Top of Excerpted records

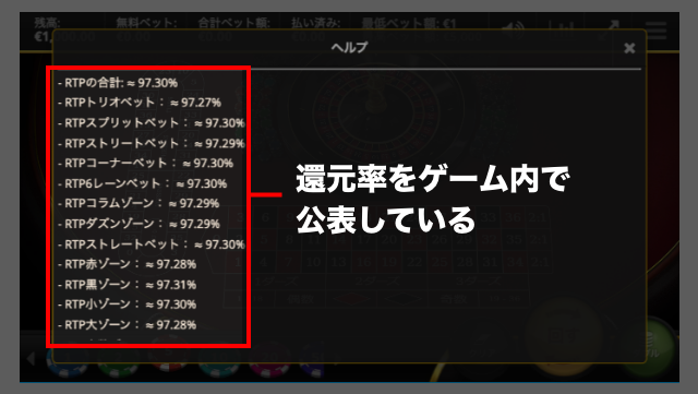 また、ソフトウェア会社が作成するカジノゲームは還元率(RTP)を公表しています。
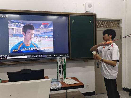 活动现场,社团指导老师唐福杰老师进行了羽毛球基础知识的讲解,系统介绍了握拍姿势、发球规则、比赛规则等技术要领。羽毛球社长进行了实践演示,将理论要点转化为直观动作,并组织社员分组练习。社员们在听讲与互动中逐步掌握技术细节,有效提升了运动技能。社团还组织观看了羽毛球主题纪录片《羽球之光》。影片不仅展现了运动员的拼搏精神与羽毛球运动的文化传承,也引导社员在锻炼身体的同时,深入理解中华体育精神的深刻内涵,实现了技能锻炼与精神培育的双重目标。
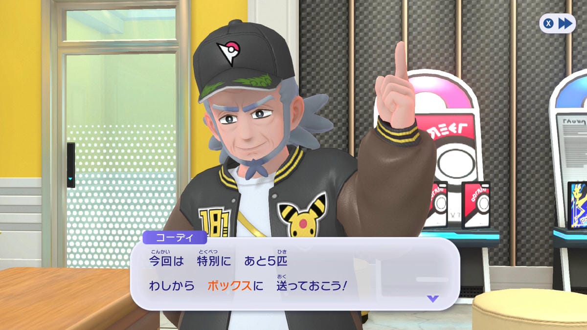 ルッコラのところでポケモンを選ぶと、あとの5匹はコーディが自分のボックスから送ってくれます。
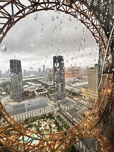 可能是天氣悶熱, 包廂內又有冷氣造成摩天輪窗戶有些水氣, 往另一個角度看過去就是此行我們入住的W酒店,
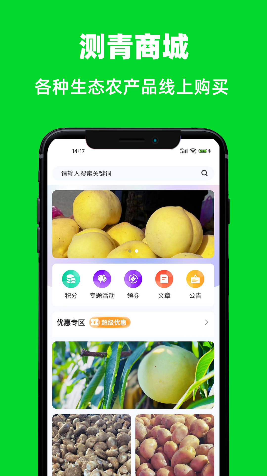 测青商城app是一款很靠谱的线上农业软件,里面有很多不同种类的农业产品,纯天然绿色食品,想要买的朋友们可以多看看哦!还有其它的功能,例如线上提前预定酒店,去玩的时候直接入住就行了,还有功能全面的充电桩服务。
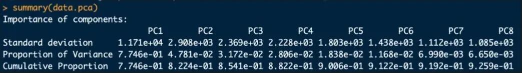 prcomp??函數(shù)的返回值是一個(gè)特殊的對(duì)象,可以利用summary?函數(shù)來(lái)查看分析的結(jié)果。
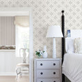 Adorn your walls with this sweet geometric floral design. Its grey hues pop against a white faux linen backdrop, creating a dimensional effect. Wynonna is a prepasted, non woven blend wallpaper.
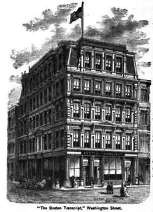 The Transcript's offices were destroyed in the Great Boston Fire of 1872. After the Great Fire The Transcript's offices on Washington Street were rebuilt and expanded.[8]
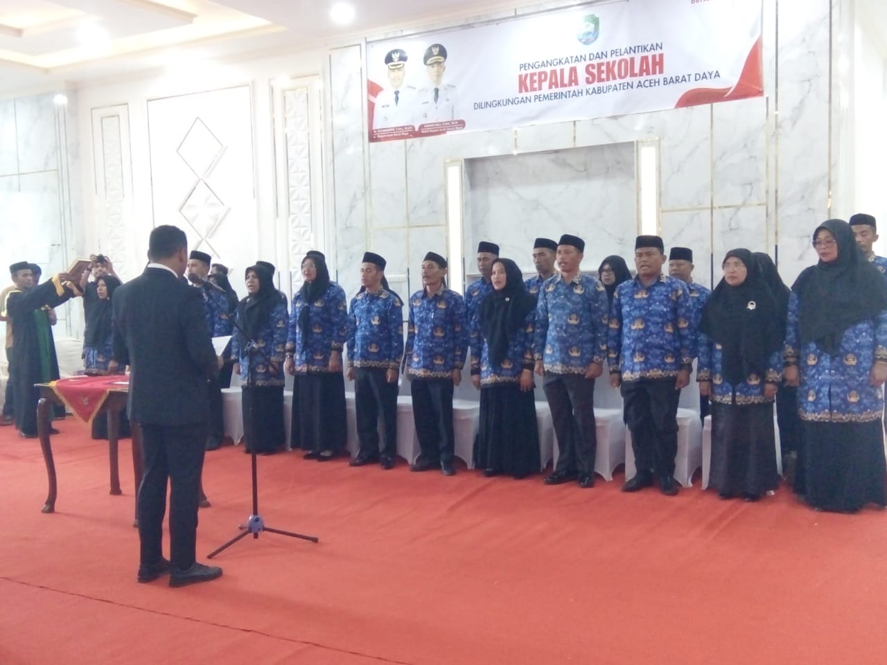 Pelantikan dan Pengambilan Sumpah Jabatan 24 orang Kepala Sekolah, SMP, SD hingga TK tersebut berlangsung di ruang utama kantor Bupati Abdya, Jalan Bukit Hijau, kompleks Perkantoran Keude Paya, Kamis (29/01/2026).
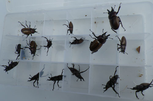 今日は、毎年恒例一人本気でチャイロマルバネクワガタ探し。 朝、8時〜16時まで8時間森にいました。 午前中、13匹 午後、15匹 計28匹確保、内メスは1匹のみ .。久しぶりに虫に詳しい知り合いに会いました。 私的には今年は当たり年と思ったのですが、 平年並みだそうです。 2時ぐらい、結構飛んでいるチャイロマルバネクワガタがいました。 飛んでいるチャイロマルバネクワガタは大きいそうです。
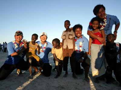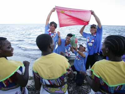 當(dāng)?shù)貢r(shí)間十九日晚,肯尼亞的專業(yè)合唱團(tuán)體以及少兒演員載歌載舞歡聚一堂,在蒙巴薩白沙海灘,以獨(dú)特的非洲風(fēng)情歌舞,盛迎抵達(dá)蒙巴薩的“鳳凰號”,以及前來迎接鳳凰號的中國客人。肯尼亞合唱團(tuán)用中文演唱的中國民歌《在那遙遠(yuǎn)的地方》博得全場熱烈掌聲。美麗的“二OO四肯尼亞小姐”朱麗葉、在肯留華校友會主席哪吒先生,與鳳凰衛(wèi)視主持人竇文濤和陳魯豫共同主持了晚會。完
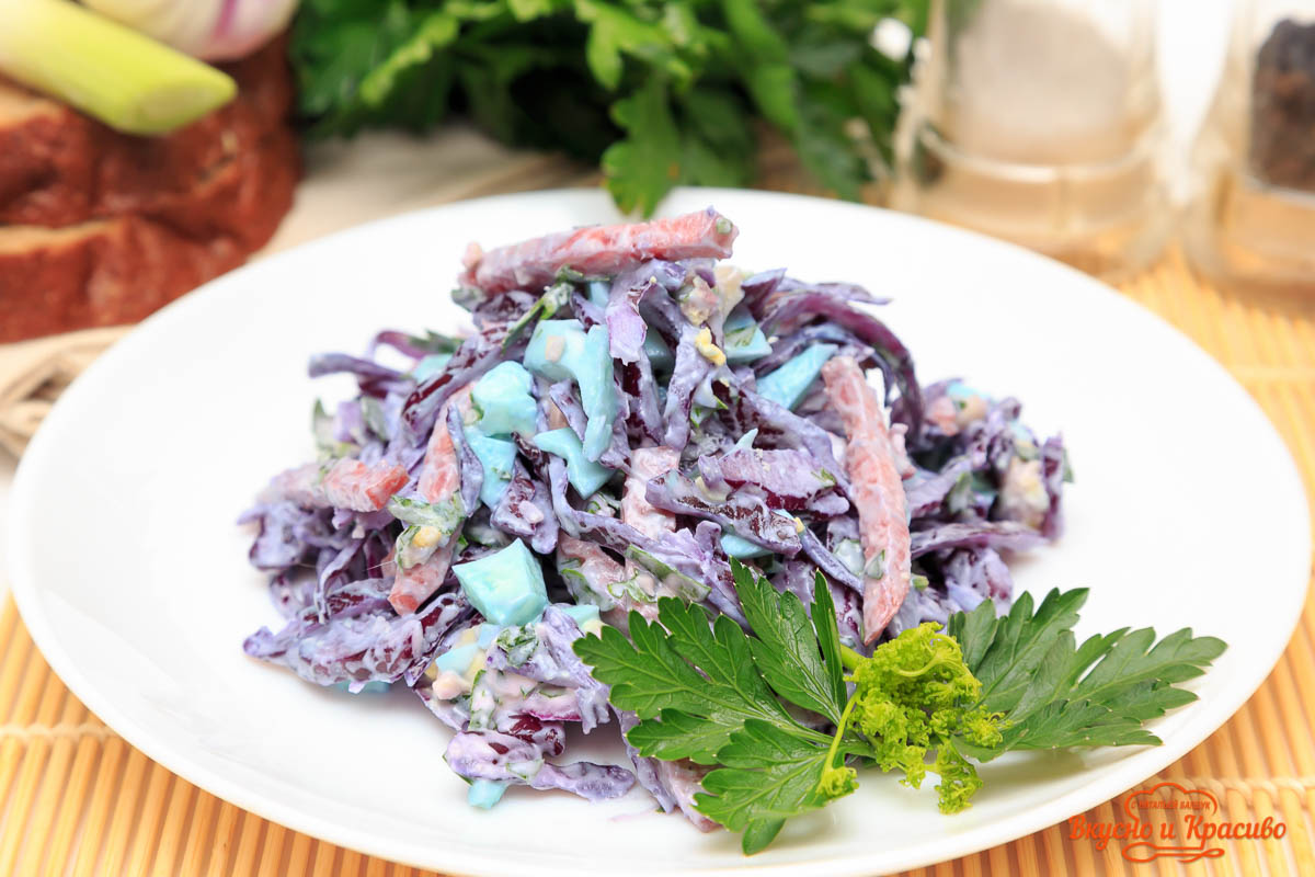 Необычный салат из краснокочанной капусты готов! Можно снимать пробу…

Bottom of Excerpted records

> [What needs to be done]: Your copy should hold only the lines from the line with "ルッコラのところでポケモンを" through the end of the data above, both ends included, transcribed exactly and without pictures.

> [Task output]:
 ルッコラのところでポケモンを選ぶと、あとの5匹はコーディが自分のボックスから送ってくれます。
 可能是天氣悶熱, 包廂內又有冷氣造成摩天輪窗戶有些水氣, 往另一個角度看過去就是此行我們入住的W酒店,
 测青商城app是一款很靠谱的线上农业软件,里面有很多不同种类的农业产品,纯天然绿色食品,想要买的朋友们可以多看看哦!还有其它的功能,例如线上提前预定酒店,去玩的时候直接入住就行了,还有功能全面的充电桩服务。
 prcomp??函數(shù)的返回值是一個(gè)特殊的對(duì)象,可以利用summary?函數(shù)來(lái)查看分析的結(jié)果。
 Adorn your walls with this sweet geometric floral design. Its grey hues pop against a white faux linen backdrop, creating a dimensional effect. Wynonna is a prepasted, non woven blend wallpaper.
 The Transcript's offices were destroyed in the Great Boston Fire of 1872. After the Great Fire The Transcript's offices on Washington Street were rebuilt and expanded.[8]
 Pelantikan dan Pengambilan Sumpah Jabatan 24 orang Kepala Sekolah, SMP, SD hingga TK tersebut berlangsung di ruang utama kantor Bupati Abdya, Jalan Bukit Hijau, kompleks Perkantoran Keude Paya, Kamis (29/01/2026).
 今日は、毎年恒例一人本気でチャイロマルバネクワガタ探し。 朝、8時〜16時まで8時間森にいました。 午前中、13匹 午後、15匹 計28匹確保、内メスは1匹のみ .。久しぶりに虫に詳しい知り合いに会いました。 私的には今年は当たり年と思ったのですが、 平年並みだそうです。 2時ぐらい、結構飛んでいるチャイロマルバネクワガタがいました。 飛んでいるチャイロマルバネクワガタは大きいそうです。
 當(dāng)?shù)貢r(shí)間十九日晚,肯尼亞的專業(yè)合唱團(tuán)體以及少兒演員載歌載舞歡聚一堂,在蒙巴薩白沙海灘,以獨(dú)特的非洲風(fēng)情歌舞,盛迎抵達(dá)蒙巴薩的“鳳凰號”,以及前來迎接鳳凰號的中國客人。肯尼亞合唱團(tuán)用中文演唱的中國民歌《在那遙遠(yuǎn)的地方》博得全場熱烈掌聲。美麗的“二OO四肯尼亞小姐”朱麗葉、在肯留華校友會主席哪吒先生,與鳳凰衛(wèi)視主持人竇文濤和陳魯豫共同主持了晚會。完
 Необычный салат из краснокочанной капусты готов! Можно снимать пробу…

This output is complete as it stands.